Task objective —
Among the records that follow, set down only the lines from the one containing "6年生は、来週19日(木)2" to the one containing "Stepping inside the", both included, exactly.

Saved entries:
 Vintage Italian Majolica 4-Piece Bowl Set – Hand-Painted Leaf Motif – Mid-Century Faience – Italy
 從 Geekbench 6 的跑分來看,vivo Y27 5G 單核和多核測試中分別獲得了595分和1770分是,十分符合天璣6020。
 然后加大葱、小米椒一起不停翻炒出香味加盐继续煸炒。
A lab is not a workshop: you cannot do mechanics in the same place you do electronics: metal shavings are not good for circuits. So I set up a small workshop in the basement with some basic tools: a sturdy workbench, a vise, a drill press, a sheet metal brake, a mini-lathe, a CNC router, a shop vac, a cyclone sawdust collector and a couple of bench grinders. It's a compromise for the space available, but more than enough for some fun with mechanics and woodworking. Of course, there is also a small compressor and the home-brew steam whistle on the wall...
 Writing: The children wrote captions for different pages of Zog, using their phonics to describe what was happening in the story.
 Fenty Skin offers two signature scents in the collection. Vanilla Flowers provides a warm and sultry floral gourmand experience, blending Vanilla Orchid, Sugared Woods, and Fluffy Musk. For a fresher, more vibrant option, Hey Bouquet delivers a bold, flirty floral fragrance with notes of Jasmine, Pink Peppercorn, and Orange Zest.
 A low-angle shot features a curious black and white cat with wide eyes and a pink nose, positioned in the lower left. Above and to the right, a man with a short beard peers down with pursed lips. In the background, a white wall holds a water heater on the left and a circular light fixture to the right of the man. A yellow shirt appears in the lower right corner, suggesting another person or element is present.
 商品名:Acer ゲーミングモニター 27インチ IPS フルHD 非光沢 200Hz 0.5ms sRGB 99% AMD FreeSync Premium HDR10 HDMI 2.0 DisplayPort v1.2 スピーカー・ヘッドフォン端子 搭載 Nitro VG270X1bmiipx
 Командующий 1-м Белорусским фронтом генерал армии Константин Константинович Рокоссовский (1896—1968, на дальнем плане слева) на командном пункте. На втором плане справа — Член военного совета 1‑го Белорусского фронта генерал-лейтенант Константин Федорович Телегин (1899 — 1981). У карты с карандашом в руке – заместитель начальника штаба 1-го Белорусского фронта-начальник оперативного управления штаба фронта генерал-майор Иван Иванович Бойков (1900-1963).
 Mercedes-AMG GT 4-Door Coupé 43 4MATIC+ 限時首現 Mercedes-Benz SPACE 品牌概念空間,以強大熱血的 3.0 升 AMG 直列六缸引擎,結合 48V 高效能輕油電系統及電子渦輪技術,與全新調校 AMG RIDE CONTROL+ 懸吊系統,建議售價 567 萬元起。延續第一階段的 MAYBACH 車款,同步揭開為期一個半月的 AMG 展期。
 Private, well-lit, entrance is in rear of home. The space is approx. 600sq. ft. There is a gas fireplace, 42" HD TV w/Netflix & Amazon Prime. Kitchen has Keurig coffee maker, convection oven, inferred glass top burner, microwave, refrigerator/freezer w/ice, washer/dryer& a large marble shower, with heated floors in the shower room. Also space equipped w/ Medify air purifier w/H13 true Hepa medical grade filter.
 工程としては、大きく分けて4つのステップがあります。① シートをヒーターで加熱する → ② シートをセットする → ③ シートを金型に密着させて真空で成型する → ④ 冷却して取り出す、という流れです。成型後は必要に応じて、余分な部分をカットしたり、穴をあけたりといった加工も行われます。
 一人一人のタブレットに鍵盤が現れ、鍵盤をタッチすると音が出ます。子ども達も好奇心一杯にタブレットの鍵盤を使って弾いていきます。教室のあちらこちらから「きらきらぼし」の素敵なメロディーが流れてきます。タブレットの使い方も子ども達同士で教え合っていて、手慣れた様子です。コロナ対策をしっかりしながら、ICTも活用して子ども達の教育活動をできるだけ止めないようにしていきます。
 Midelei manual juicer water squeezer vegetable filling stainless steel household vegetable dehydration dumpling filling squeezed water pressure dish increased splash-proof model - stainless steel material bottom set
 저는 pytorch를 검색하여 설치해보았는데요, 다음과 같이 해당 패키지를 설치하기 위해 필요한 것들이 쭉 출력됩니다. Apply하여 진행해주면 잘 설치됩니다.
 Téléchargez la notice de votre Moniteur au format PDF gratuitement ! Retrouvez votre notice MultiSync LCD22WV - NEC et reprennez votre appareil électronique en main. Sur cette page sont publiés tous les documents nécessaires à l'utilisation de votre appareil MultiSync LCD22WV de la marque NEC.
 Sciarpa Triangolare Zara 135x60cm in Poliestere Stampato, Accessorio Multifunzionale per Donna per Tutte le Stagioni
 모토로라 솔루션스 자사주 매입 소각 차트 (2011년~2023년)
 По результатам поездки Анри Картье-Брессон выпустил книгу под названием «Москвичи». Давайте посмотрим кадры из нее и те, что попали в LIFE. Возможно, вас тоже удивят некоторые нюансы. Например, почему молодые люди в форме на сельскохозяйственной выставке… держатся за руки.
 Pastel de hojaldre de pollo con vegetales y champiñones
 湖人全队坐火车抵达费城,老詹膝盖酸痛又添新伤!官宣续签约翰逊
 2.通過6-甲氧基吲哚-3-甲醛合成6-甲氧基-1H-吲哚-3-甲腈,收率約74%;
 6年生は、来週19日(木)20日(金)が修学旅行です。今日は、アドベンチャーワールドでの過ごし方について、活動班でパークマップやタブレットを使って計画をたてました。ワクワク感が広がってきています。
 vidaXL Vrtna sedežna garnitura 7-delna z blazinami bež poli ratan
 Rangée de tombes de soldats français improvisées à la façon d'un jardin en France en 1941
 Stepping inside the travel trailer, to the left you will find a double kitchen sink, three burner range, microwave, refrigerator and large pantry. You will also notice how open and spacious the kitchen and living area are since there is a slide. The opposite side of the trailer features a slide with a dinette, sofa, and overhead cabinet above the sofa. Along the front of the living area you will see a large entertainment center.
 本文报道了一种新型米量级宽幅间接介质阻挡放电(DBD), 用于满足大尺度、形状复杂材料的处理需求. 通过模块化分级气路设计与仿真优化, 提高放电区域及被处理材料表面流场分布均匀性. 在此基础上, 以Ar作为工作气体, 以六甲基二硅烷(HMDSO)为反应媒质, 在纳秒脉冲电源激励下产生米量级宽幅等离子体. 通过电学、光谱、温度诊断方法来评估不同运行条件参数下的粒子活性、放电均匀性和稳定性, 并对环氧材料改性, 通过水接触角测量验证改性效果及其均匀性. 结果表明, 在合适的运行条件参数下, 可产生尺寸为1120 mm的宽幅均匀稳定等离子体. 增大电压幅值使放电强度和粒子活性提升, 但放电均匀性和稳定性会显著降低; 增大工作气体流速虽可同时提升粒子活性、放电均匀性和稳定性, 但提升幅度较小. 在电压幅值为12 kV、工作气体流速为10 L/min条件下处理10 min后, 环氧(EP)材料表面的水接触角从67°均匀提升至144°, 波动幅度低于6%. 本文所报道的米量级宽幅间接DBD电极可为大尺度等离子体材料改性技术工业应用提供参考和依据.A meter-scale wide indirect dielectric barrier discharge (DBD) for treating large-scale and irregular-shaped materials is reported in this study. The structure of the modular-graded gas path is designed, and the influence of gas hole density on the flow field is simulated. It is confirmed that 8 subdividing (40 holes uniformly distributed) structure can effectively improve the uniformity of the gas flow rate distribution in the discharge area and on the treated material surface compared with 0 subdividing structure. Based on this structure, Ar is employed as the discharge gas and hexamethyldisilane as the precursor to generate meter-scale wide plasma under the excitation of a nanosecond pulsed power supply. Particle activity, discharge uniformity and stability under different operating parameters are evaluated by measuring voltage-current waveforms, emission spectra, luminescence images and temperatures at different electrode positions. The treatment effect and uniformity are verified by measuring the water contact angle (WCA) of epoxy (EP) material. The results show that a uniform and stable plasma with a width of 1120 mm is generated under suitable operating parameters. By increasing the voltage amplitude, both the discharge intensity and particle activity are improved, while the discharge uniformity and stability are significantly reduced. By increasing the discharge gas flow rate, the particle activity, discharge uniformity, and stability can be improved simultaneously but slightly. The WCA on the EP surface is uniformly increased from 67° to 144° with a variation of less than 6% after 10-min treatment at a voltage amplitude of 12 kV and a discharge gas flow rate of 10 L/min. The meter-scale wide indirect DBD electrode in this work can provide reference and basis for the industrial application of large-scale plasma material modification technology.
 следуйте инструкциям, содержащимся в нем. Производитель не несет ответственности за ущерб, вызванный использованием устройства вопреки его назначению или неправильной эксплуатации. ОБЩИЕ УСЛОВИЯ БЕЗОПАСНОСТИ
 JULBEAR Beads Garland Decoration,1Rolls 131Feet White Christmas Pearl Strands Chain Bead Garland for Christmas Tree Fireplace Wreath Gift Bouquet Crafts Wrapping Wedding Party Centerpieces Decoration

Finished exercise —
 6年生は、来週19日(木)20日(金)が修学旅行です。今日は、アドベンチャーワールドでの過ごし方について、活動班でパークマップやタブレットを使って計画をたてました。ワクワク感が広がってきています。
 vidaXL Vrtna sedežna garnitura 7-delna z blazinami bež poli ratan
 Rangée de tombes de soldats français improvisées à la façon d'un jardin en France en 1941
 Stepping inside the travel trailer, to the left you will find a double kitchen sink, three burner range, microwave, refrigerator and large pantry. You will also notice how open and spacious the kitchen and living area are since there is a slide. The opposite side of the trailer features a slide with a dinette, sofa, and overhead cabinet above the sofa. Along the front of the living area you will see a large entertainment center.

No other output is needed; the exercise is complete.